*Task inputs*.

⁂

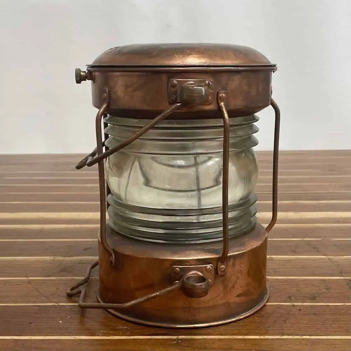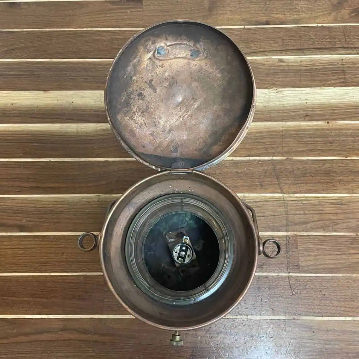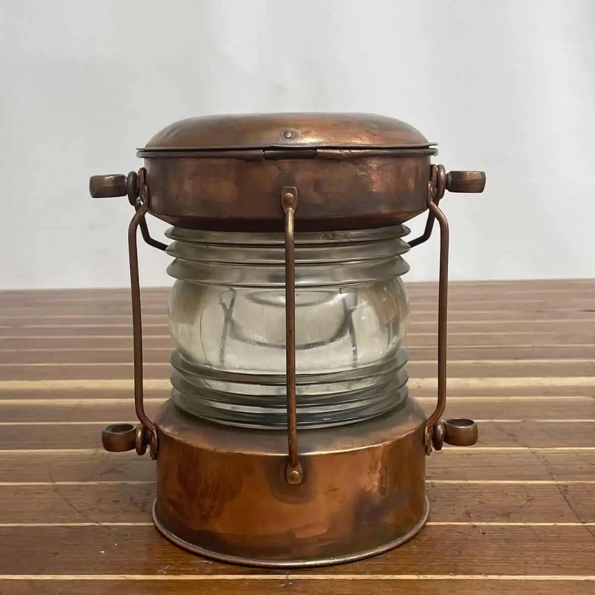 This vintage copper ship lantern comes from a working marine environment and shows clear signs of use. The solid copper body has developed heavy patina across the entire surface. As a result, you’ll see a mix of darker tones and exposed copper, especially along the lid and base.
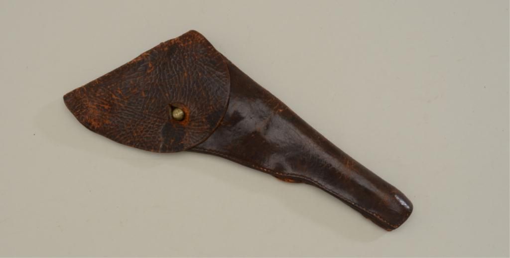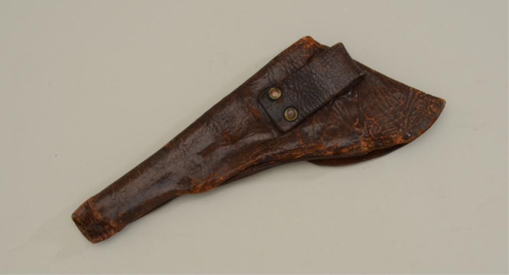 Classic military style leather flap holster for a Colt Model 1860 Army revolver in overall fair condition with crackling to flap and two rivet belt loop on the backside of the holster; great for display with a Civilor Indian War era Colt. Est.: $100-$200.
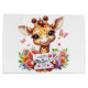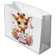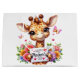 Ein Niedliches Baby-Giraffe mit einem glücklichen Muttertag, das mit Florals und Schmetterlingen unterschreibt, große Geschenktasche
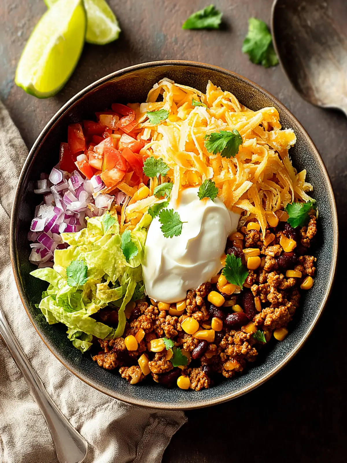 Toppings: Think avocado, cilantro, and lime juice. These ingredients are not just garnish; they add an explosion of flavor and freshness that elevates your taco bowl to new heights.
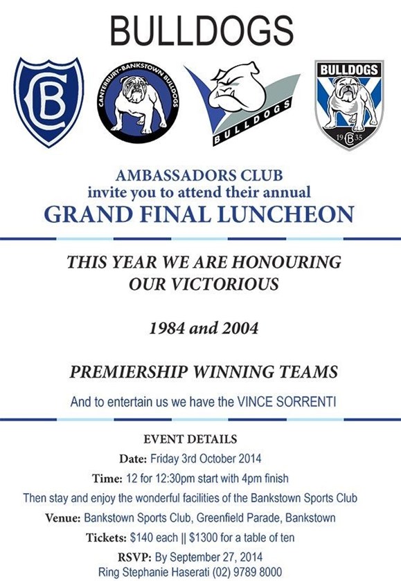 Join members from the 1984 and 2004 Premiership teams for lunch this Friday as they take you through all you need to know about the Grand Final this Sunday!
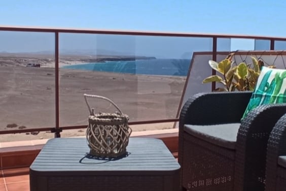 On the beach in the centre of Corralejo, this house is a unique find and wont dissapoint. The views are breathtaking from the lounge kitchen and terrace. 2 large bedrooms can accommodate 2 couples or 4 single people as the beds can be separated, there is another room as part of one of the bedrooms with a sofa bed and is suitable for children. We provide high speed internet, smart TV, coffee machine. A car is not needed for this property as you are one block from the main street.
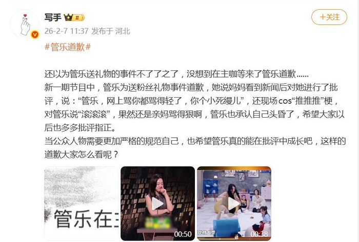 然而,道歉只是第一步。这场风波也再次给所有公众人物提了个醒:收下粉丝沉甸甸的心意,就意味着收下了一份需要珍视的责任。处理不当,伤的不只是感情,更是自身的公信力。管乐能否真如她所说,在批评中“长记性”、严格规范自己,还得看日后的一举一动。
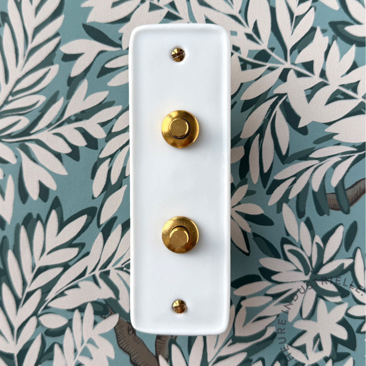 Interrupteur ADR x HI Double Doré sur Plaque Porcelaine Blanche
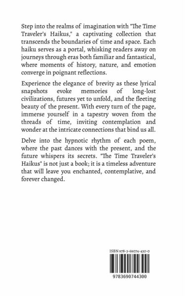 Step into the realms of imagination with "The Time Traveler's Haikus," a captivating collection that transcends the boundaries of time and space. Each haiku serves as a portal, whisking readers away on journeys through eras both familiar and fantastical, where moments of history, nature, and emotion converge in poignant reflections. Experience the elegance of brevity as these lyrical snapshots evoke memories of long-lost civilizations, futures yet to unfold, and the fleeting beauty of the present. With every turn of the page, immerse yourself in a tapestry woven from the threads of time, inviting contemplation and wonder at the intricate connections that bind us all. Delve into the hypnotic rhythm of each poem, where the past dances with the present, and the future whispers its secrets. "The Time Traveler's Haikus" is not just a book; it is a timeless adventure that will leave you enchanted, contemplative, and forever changed.
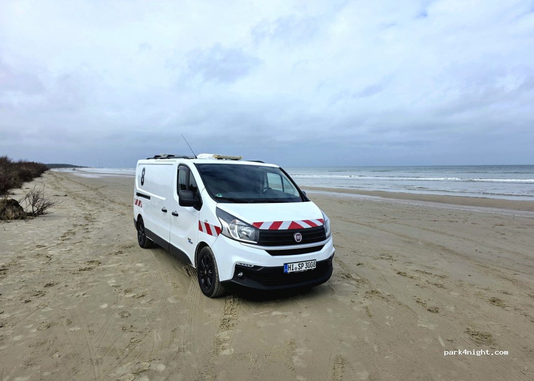 Befahrbarer Strand im Naturschutzgebiet – Toiletten und Mülleimer vorhanden
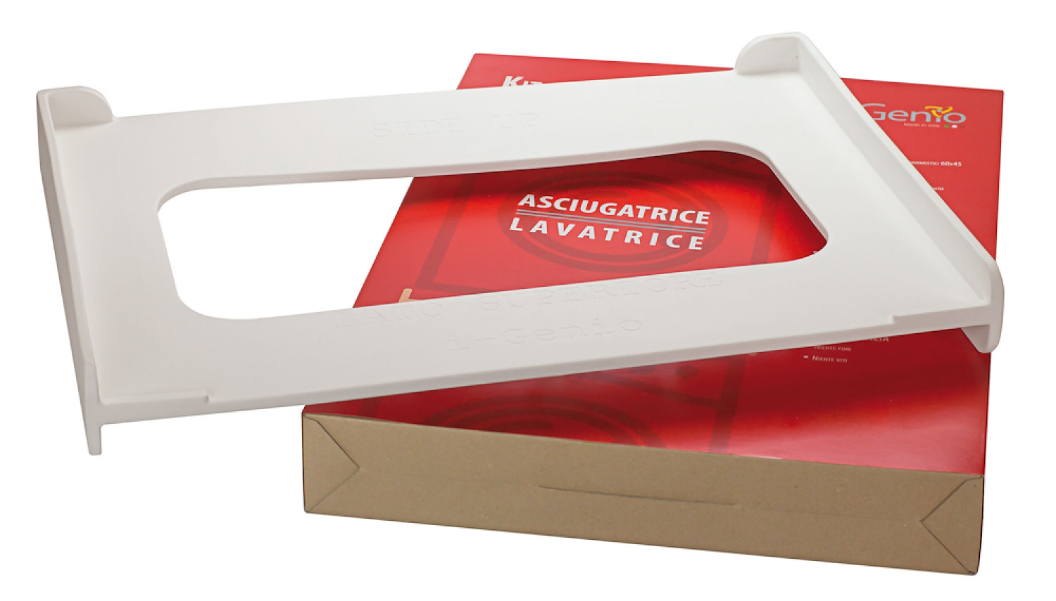 DESCRIZIONE ECOMMERCE KIT DI SOVRAPPOSIZIONE SLIM LAVATRICE-ASCIUGATRICE – CONF. 1 SUPPORTO + 1 CINGHIA, Tipo di prodotto KIT DI SOVRAPPOSIZIONE SLIM LAVATRICE-ASCIUGATRICE – CONF. 1 SUPPORTO + 1 CINGHIA Realizzato per sovrapporre l’asciugatrice slim alla lavatrice slim senza dover forare o utilizzare viti in modo da non compromettere la validità della garanzia dello stesso elettrodomestico. Universale e adatto a tutti gli elettrodomestici 60×45 cm. Struttura in poliuretano resistente che rende l’elettrodomestico fermo e stabile assorbendo vibrazioni e riducendo il rumore (fonoassorbente). Evita l’usura e protegge gli elettrodomestici eliminando ogni possibilità d’attrito. Il kit di sovrapposizione ridotto iGenio è una guarnizione ottimale per la tua lavatrice. Inclusa cinghia di sicurezza di 5 metri con fibbia in metallo, Descrizione prodotto KIT DI SOVRAPPOSIZIONE SLIM LAVATRICE-ASCIUGATRICE – CONF. 1 SUPPORTO + 1 CINGHIA Realizzato per sovrapporre l’asciugatrice slim alla lavatrice slim senza dover forare o utilizzare viti in modo da non compromettere la validità della garanzia dello stesso elettrodomestico. Universale e adatto a tutti gli elettrodomestici 60×45 cm. Struttura in poliuretano resistente che rende l’elettrodomestico fermo e stabile assorbendo vibrazioni e riducendo il rumore (fonoassorbente). Evita l’usura e protegge gli elettrodomestici eliminando ogni possibilità d’attrito. Il kit di sovrapposizione ridotto iGenio è una guarnizione ottimale per la tua lavatrice. Inclusa cinghia di sicurezza di 5 metri con fibbia in metallo, Caratteristiche prodotto ISTRUZIONI D’USO: Il kit di sovrapposizione ridotto, va appoggiato sopra la lavatrice slim allineando i due angoli posteriori del kit ai due angoli posteriori (superiori) della lavatrice. Una volta appoggiato il Kit di Sovrapposizione slim sopra la Lavatrice, controllate che la scritta LATO SUPERIORE risulti verso l&rs

⁂

*Work request*. The entries are to be written out again exactly, though without any images.

*Problem solution*.
 This vintage copper ship lantern comes from a working marine environment and shows clear signs of use. The solid copper body has developed heavy patina across the entire surface. As a result, you’ll see a mix of darker tones and exposed copper, especially along the lid and base.
 Classic military style leather flap holster for a Colt Model 1860 Army revolver in overall fair condition with crackling to flap and two rivet belt loop on the backside of the holster; great for display with a Civilor Indian War era Colt. Est.: $100-$200.
 Ein Niedliches Baby-Giraffe mit einem glücklichen Muttertag, das mit Florals und Schmetterlingen unterschreibt, große Geschenktasche
 Toppings: Think avocado, cilantro, and lime juice. These ingredients are not just garnish; they add an explosion of flavor and freshness that elevates your taco bowl to new heights.
 Join members from the 1984 and 2004 Premiership teams for lunch this Friday as they take you through all you need to know about the Grand Final this Sunday!
 On the beach in the centre of Corralejo, this house is a unique find and wont dissapoint. The views are breathtaking from the lounge kitchen and terrace. 2 large bedrooms can accommodate 2 couples or 4 single people as the beds can be separated, there is another room as part of one of the bedrooms with a sofa bed and is suitable for children. We provide high speed internet, smart TV, coffee machine. A car is not needed for this property as you are one block from the main street.
 然而,道歉只是第一步。这场风波也再次给所有公众人物提了个醒:收下粉丝沉甸甸的心意,就意味着收下了一份需要珍视的责任。处理不当,伤的不只是感情,更是自身的公信力。管乐能否真如她所说,在批评中“长记性”、严格规范自己,还得看日后的一举一动。
 Interrupteur ADR x HI Double Doré sur Plaque Porcelaine Blanche
 Step into the realms of imagination with "The Time Traveler's Haikus," a captivating collection that transcends the boundaries of time and space. Each haiku serves as a portal, whisking readers away on journeys through eras both familiar and fantastical, where moments of history, nature, and emotion converge in poignant reflections. Experience the elegance of brevity as these lyrical snapshots evoke memories of long-lost civilizations, futures yet to unfold, and the fleeting beauty of the present. With every turn of the page, immerse yourself in a tapestry woven from the threads of time, inviting contemplation and wonder at the intricate connections that bind us all. Delve into the hypnotic rhythm of each poem, where the past dances with the present, and the future whispers its secrets. "The Time Traveler's Haikus" is not just a book; it is a timeless adventure that will leave you enchanted, contemplative, and forever changed.
 Befahrbarer Strand im Naturschutzgebiet – Toiletten und Mülleimer vorhanden
 DESCRIZIONE ECOMMERCE KIT DI SOVRAPPOSIZIONE SLIM LAVATRICE-ASCIUGATRICE – CONF. 1 SUPPORTO + 1 CINGHIA, Tipo di prodotto KIT DI SOVRAPPOSIZIONE SLIM LAVATRICE-ASCIUGATRICE – CONF. 1 SUPPORTO + 1 CINGHIA Realizzato per sovrapporre l’asciugatrice slim alla lavatrice slim senza dover forare o utilizzare viti in modo da non compromettere la validità della garanzia dello stesso elettrodomestico. Universale e adatto a tutti gli elettrodomestici 60×45 cm. Struttura in poliuretano resistente che rende l’elettrodomestico fermo e stabile assorbendo vibrazioni e riducendo il rumore (fonoassorbente). Evita l’usura e protegge gli elettrodomestici eliminando ogni possibilità d’attrito. Il kit di sovrapposizione ridotto iGenio è una guarnizione ottimale per la tua lavatrice. Inclusa cinghia di sicurezza di 5 metri con fibbia in metallo, Descrizione prodotto KIT DI SOVRAPPOSIZIONE SLIM LAVATRICE-ASCIUGATRICE – CONF. 1 SUPPORTO + 1 CINGHIA Realizzato per sovrapporre l’asciugatrice slim alla lavatrice slim senza dover forare o utilizzare viti in modo da non compromettere la validità della garanzia dello stesso elettrodomestico. Universale e adatto a tutti gli elettrodomestici 60×45 cm. Struttura in poliuretano resistente che rende l’elettrodomestico fermo e stabile assorbendo vibrazioni e riducendo il rumore (fonoassorbente). Evita l’usura e protegge gli elettrodomestici eliminando ogni possibilità d’attrito. Il kit di sovrapposizione ridotto iGenio è una guarnizione ottimale per la tua lavatrice. Inclusa cinghia di sicurezza di 5 metri con fibbia in metallo, Caratteristiche prodotto ISTRUZIONI D’USO: Il kit di sovrapposizione ridotto, va appoggiato sopra la lavatrice slim allineando i due angoli posteriori del kit ai due angoli posteriori (superiori) della lavatrice. Una volta appoggiato il Kit di Sovrapposizione slim sopra la Lavatrice, controllate che la scritta LATO SUPERIORE risulti verso l&rs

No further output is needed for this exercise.